Path scoping mirrors `browser_markdown`'s `outputPath`: relative paths resolve against the open workspace folder; absolute paths must live inside it. There is no VS Code setting — the AI calls the tool when it needs the behavior.
Caveats:
- Behavior is **per browser session**, not per tab — Chromium's `Browser.setDownloadBehavior` is browser-level. Calling `browser_download_set` on any tab affects all tabs of that browser.
- With `behavior:"allow"` (default), Chromium silently appends ` (1)`, ` (2)`, … to filenames on collision. CDP doesn't expose the suffix; if the agent cares about exact filenames, clear `tmp/downloads` first or use `behavior:"allowAndName"` (saves under the GUID; rename via the events from `browser_downloads`).
- Add `tmp/` to `.gitignore` — downloads are throwaway.
## Limitations and trust model
- HTTP server binds to `127.0.0.1` only — never network-exposed.
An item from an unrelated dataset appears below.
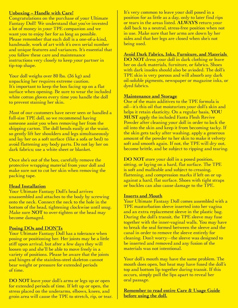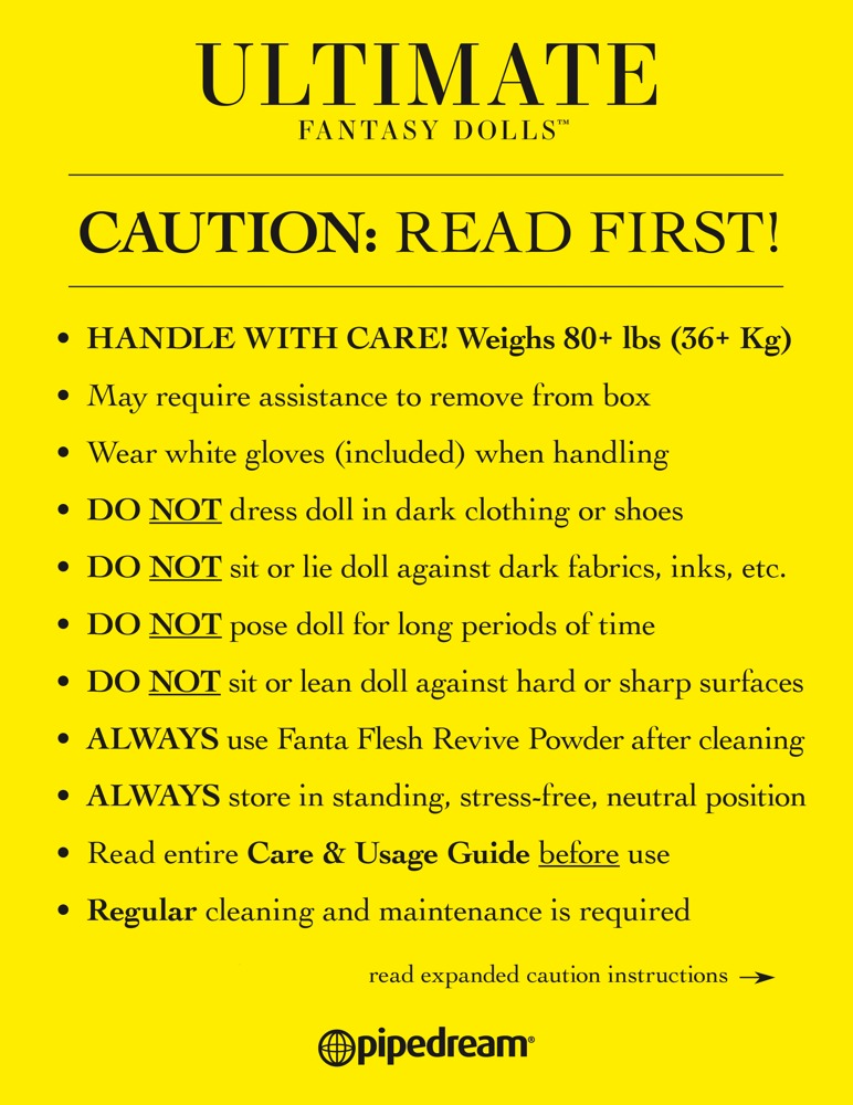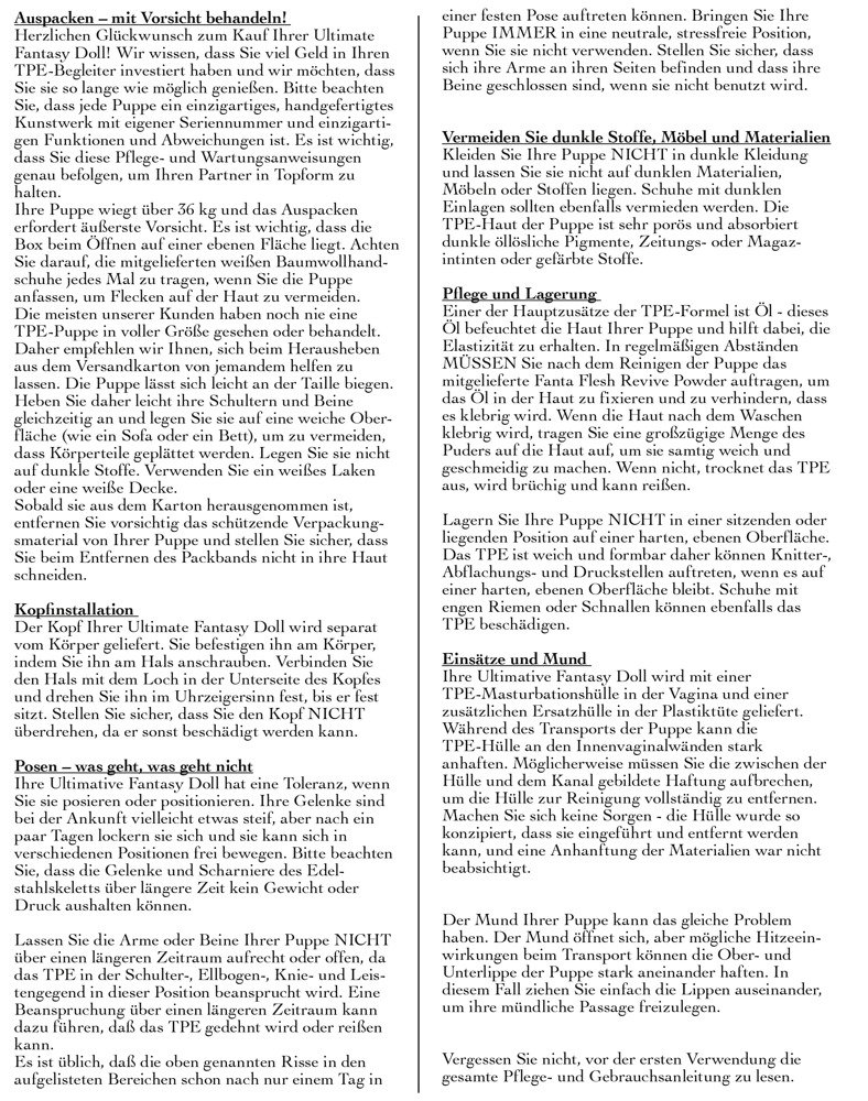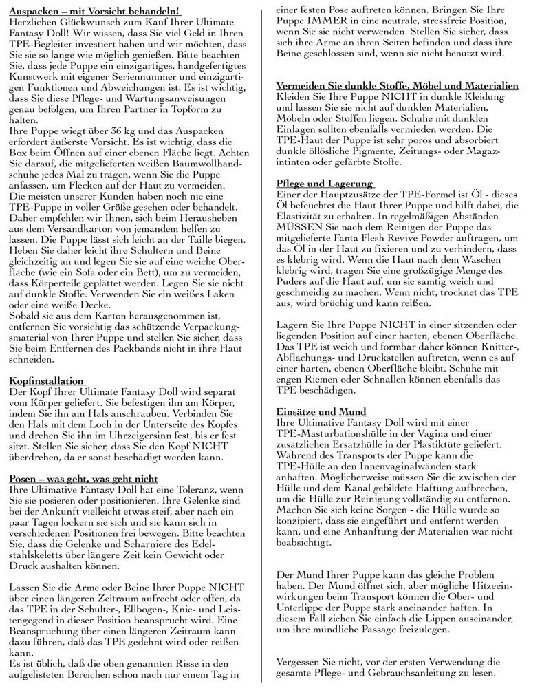 Denne elskovsdukke i livsstørrelse kan næppe skelnes fra en rigtig kvinde! Den langhårede Bianka har et smukt 3D-ansigt med hasselnød brune øjne, øjenvipper og fyldige læber. Hendes hud er lavet af Fanta Flesh materiale i høj kvalitet og føles helt realistisk. Ligeledes er vagina, anus og mundåbning fuldstændig følelsesægte. Skamlæberne virker også forførende ægte. Den rødblonde skønhed har en slank silhuet. Det ekstra store bryst suppleres med perfekt formede brystvorter. Hendes detaljerede hænder og fødder overbeviser helt ned til de velplejede negle. Et aluminiums skelet indeni gør Bianca fleksibel fra hoved til tå. Bolte på fodsålerne lader dukken stå på egne fødder. Herunder omfattende tilbehør:

No authentication, same trust model as VS Code's built-in terminals.
- `/eval` runs arbitrary JavaScript in the open page — same trust model as the DevTools console. Don't pass untrusted input.
- On the debug-session path (default, no proposed-API flag): only one tab, web worker and service worker events not captured, and the debug toolbar / "(1)" badge appears while the browser is active.
- The browser tab lives in the VS Code editor area. Moving it to a side panel is fine; closing it disconnects CDP.